Peter Manson (born 1969) is a contemporary Scottish poet. His books include Stéphane Mallarmé: The Poems in Verse (Miami University Press 2012), Between Cup and Lip (Miami University Press, 2008), For the Good of Liars (Barque Press 2006), Adjunct: an Undigest (Edinburgh Review 2005), Before and After Mallarmé (Survivors' Press 2005), Two renga (collaborations with the poet Elizabeth James, in the Reality Street Editions 4-pack "Renga+", 2002), Rosebud (Form Books 2002), Birth Windows (Barque Press 1999), me generation (Writers Forum 1997) and iter atur e (Writers Forum 1995).
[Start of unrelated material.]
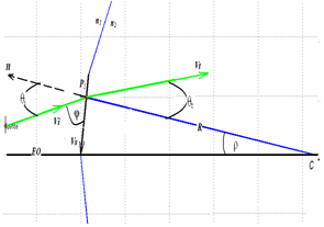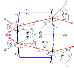 Los ángulos de incidencia y de refracción son transformados al sistema de referencia fijado por el eje óptico. En la descripción geométrica exhibida en la Figura 5, se observan las relaciones angulares descritas en la ecuación (11).

Between 1994 and 1997, he co-edited (with Robin Purves) eight issues of the experimental/modernist poetry journal Object Permanence. In 2001, the imprint was revived as an occasional publisher of pamphlets of innovative poetry, and has so far published work by the poets J. H. Prynne, Keston Sutherland, Fiona Templeton and Andrea Brady. He was the 2005-6 Judith E. Wilson Visiting Fellow in Poetry at Girton College, Cambridge.

An audio CD of Manson reading from "Adjunct: an Undigest" was released by Stem Recordings in 2004.

Adjunct: an Undigest was included in 1001 Books You Must Read Before You Die in 2006.